Perilaku ekologis berawal dari kesadaran ekologis dan keterampilan praktis dasar pengelolaan alam. Dibutuhkan budaya ekologis untuk mengajari manusia bagaimana menerapkan pengetahuan dan keterampilan lingkungan mereka dalam situasi dunia nyata. Kesadaran dan perilaku ekologis dapat dibentuk melalui politik, ekonomi, pendidikan, televisi, dan sistem sosial lainnya. Pendidikan adalah salah satu bidang terpenting. Kemampuan untuk memahami, mengalami, berpikir dan bertindak seharusnya terjadi pada proksimal proses yang terjadi di lingkungan mikro melalui pendidikan di rumah dan sekolah (Miroshkin et al., 2019).
Kesimpulan
Perubahan iklim berdampak pada hampir semua elemen kehidupan, termasuk kesehatan dan mata pencaharian. Mitigasi dan adaptasi perubahan iklim tidak mungkin berhasil kecuali komponen sosial dan budaya dimasukkan secara terintegrasi ke dalam diskusi dan implementasi kebijakan. Penanganan ancaman perubahan iklim terhadap kelangsungan hidup manusia membutuhkan sinergi dari semua pihak dan lapisan masyarakat. Pemerintah sebagai pengambil kebijakan harus terus mendidik masyarakat tentang nilai perilaku ramah lingkungan. Kebijakan harus didasarkan pada keadilan lingkungan, dengan fokus pada "memulihkan keseimbangan alam". Manusia sebagai makhluk yang berakal budi, bermoral, dan beriman, harus menemukan keautentikan hidupnya dengan mengembangkan kesadaran akan tugasnya dalam memelihara dan mengelola lingkungan, bukan menguasai apalagi mengeksploitasinya secara berlebihan.
Referensi:
Amindoni, A., & Adzkia, A. (2021, Februari 11). Banjir dan bencana beruntun di tengah cuaca ekstrem: Menurut pemerintah itu anomali cuaca, kami menyebutnya krisis iklim. BBC News Indonesia. https://www.bbc.com/indonesia/indonesia-56007558
Brown, D. A. (2001). The ethical dimensions of global environmental issues. https://www.amacad.org/publication/ethical-dimensions-global-environmental-issues
Dampak dan Fenomena Perubahan Iklim. (n.d.). Direktorat Jenderal Pengendalian Perubahan Iklim - Kementerian Lingkungan Hidup dan Kehutanan. Diambil 4 Januari 2022, dari http://ditjenppi.menlhk.go.id/kcpi/index.php/info-iklim/dampak-fenomena-perubahan-iklim
Effendi, M. I., Sugandini, D., Sukarno, A., Kundarto, M., Arundati, R., & Berliana, N. (2020). Perilaku pro-lingkungan pada mahasiswa. Zahir Publishing.

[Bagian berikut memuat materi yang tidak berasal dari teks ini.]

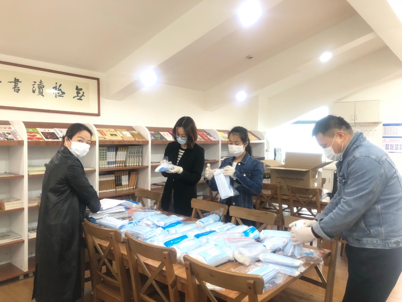 這一次,節(jié)日,校工會一致建議為繼續(xù)做好后續(xù)的“空中教學”,讓老師確保健康,為他們一并寄上一套口罩。疫情面前,口罩遮住了他們的面龐,卻遮不住眼中溫暖的笑意;手套隔離了病毒的威脅,卻不會將心靈間傳遞的溫情隔斷。

Jati, G. (2021, November 3). Laporan climate transparency 2021: Dampak perubahan iklim nyata, indonesia perlu tingkatkan aksi iklimnya. Institute for Essential Services Reform. https://iesr.or.id/laporan-climate-transparency-2021-dampak-perubahan-iklim-nyata-indonesia-perlu-tingkatkan-aksi-iklimnya
Miroshkin, D. V., Grinenko, A. V., Tkhugo, M. M., Mizonova, O. V., Kochetkov, I. G., Kazakova, S. N., & Miloradova, N. G. (2019). Psychology of ecological consciousness. Ekoloji, 28(107), 593–599.
Paus Fransiskus. (2016). Ensiklik Laudato Si’: Tentang perawatan pumah kita bersama. Penerjemah: P. Martin Harun OFM. Penerbit Obor.
Scott, B. A., Amel, E. L., Koger, S. M., & Manning, C. M. (2015). Psychology for sustainability: 4th edition. Taylor and Francis.